Bipolar disorder is a psychological condition that involves extreme changes in mood, behavior, and energy levels, leading to severe disruptions in daily life. However, with effective treatment, one can cope with its symptoms and live a productive life.
What Is Bipolar Disorder?
Bipolar disorder (BD) is a mood disorder, characterized by repeated episodes of depression and unnaturally elevated mood along with changes in levels of energy and activity. These episodes may last from several days to weeks. Also known as bipolar affective disorder, manic depressive illness or manic depression, BD can lead to drastic changes in thinking, judgment, memory, behavior, and sleep.
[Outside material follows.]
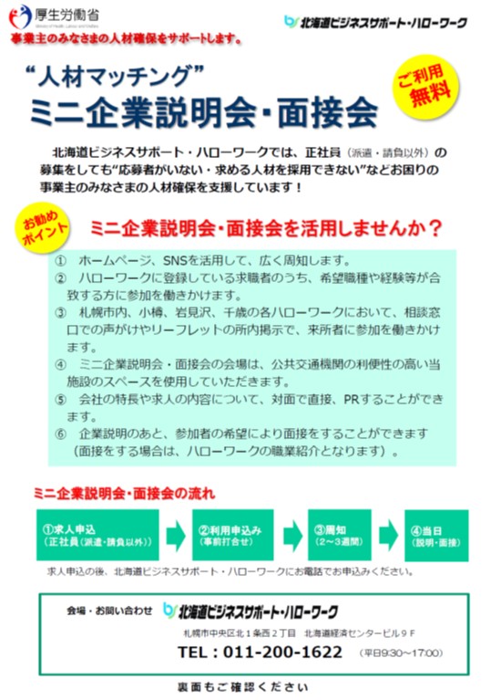 正社員の募集を行っても応募者がいない、求める人材を採用できないなど人材確保でお困りの事業主の皆様、ミニ企業説明会・面接会に参加してみませんか。

Although a lot of us have occasional mood swings, people with bipolar disorder experience them in an overwhelming and severe manner. This can disrupt their daily functioning and affect their education, career and personal relationships 1. A 2019 study 2 found that the risk of suicide was 10-30 times higher in people with bipolar disorder than in normal people.
Bipolar disorder usually begins during a person’s late teen or early adult years. However, children can also suffer from the condition and it may last a lifetime. Moreover, several comorbid conditions, like anxiety disorders and substance use disorders, are related to BD.
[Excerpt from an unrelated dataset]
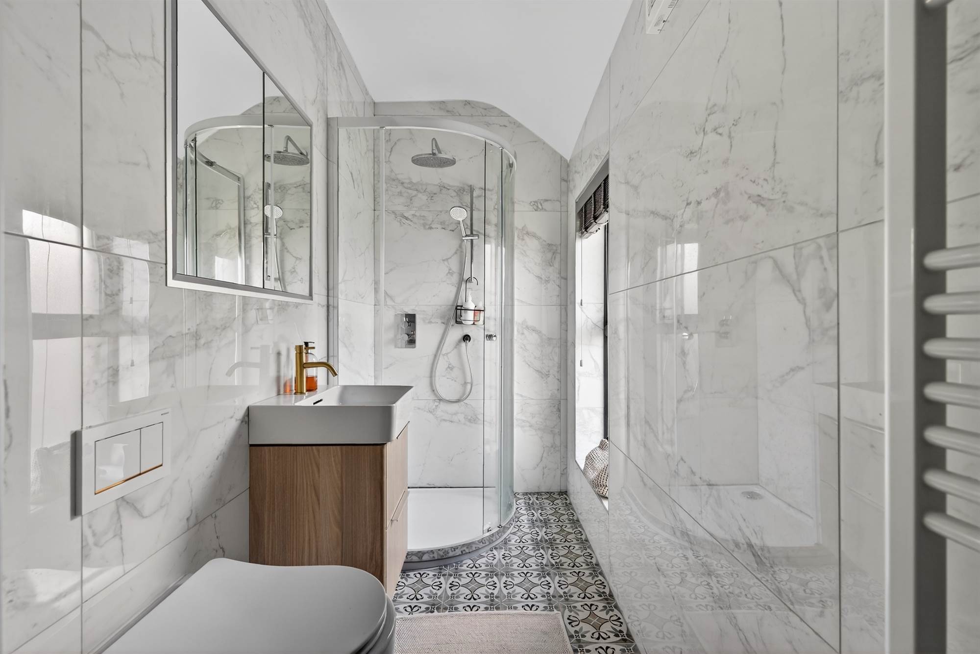 Low flush wc, vanity unit with wash hand basin, shower with drencher shower head, heated towel rail, extractor fan. LED mirror with storage.

Unfortunately, BD tends to get worse without treatment. Thus, early diagnosis and treatment under a mental health professional is crucial for the effective management of bipolar disorder symptoms.
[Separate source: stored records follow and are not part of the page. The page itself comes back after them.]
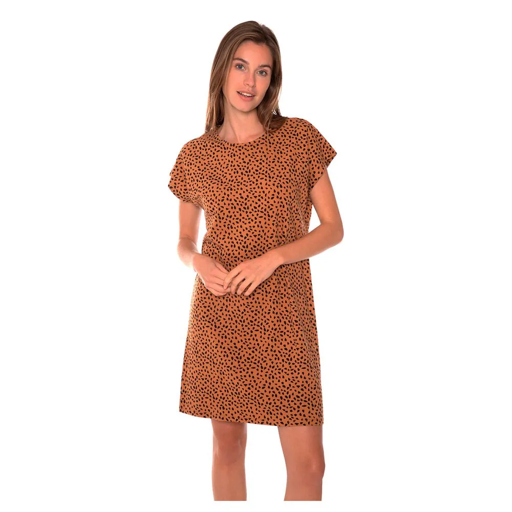 Den här bomullsblandningsklänningen är tryckt med en helbladdesign.
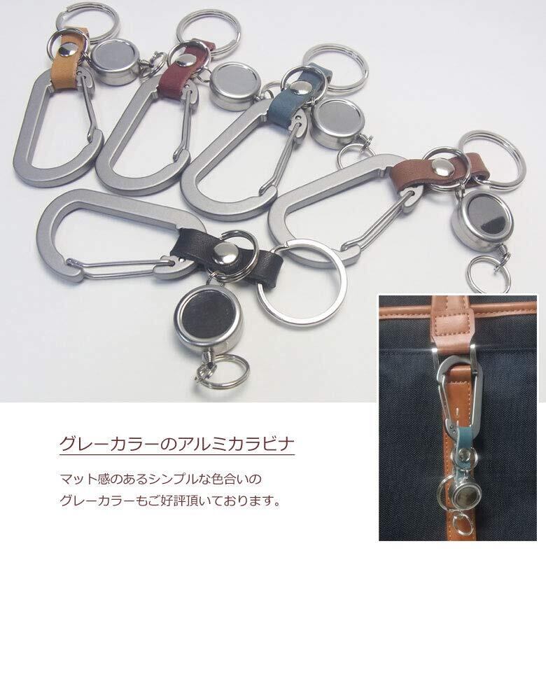 [highstyle] 日本製 栃木レザー&軽量アルミカラビナ&リールキー キーホルダー
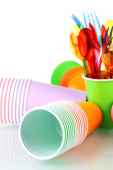 jasne plastikowe naczynia jednorazowe na drewnianym stole na kolorowe tło

People with this disorder can be treated effectively with psychological counseling and/or medication depending on the symptoms.
Let’s consider the example of Shreya, a 25 year old writer.
People who knew Shreya often described her as “moody”.
There were times when she was highly energetic, and there was nothing that could bring her enthusiasm down. She’d be extremely chatty and overflow with ideas, a lot of which proved to be impractical.
Sometimes, she even talked about becoming the greatest author the world has ever known. On such occasions, Shreya would frequently take up more projects than she could handle.
However, these phases approximately lasted a week. They were mostly followed by days where she was barely productive and hardly spoke to anyone. She would also eat significantly lesser than usual.
In stark contrast to her enthusiastic attitude, Shreya could be heard saying things like, “There is no point to anything, why even work?” and was sometimes even found sleeping at her desk.
These mood fluctuations, that had been a part of Shreya’s life for the past 6 years, were typical of Bipolar I mood disorder.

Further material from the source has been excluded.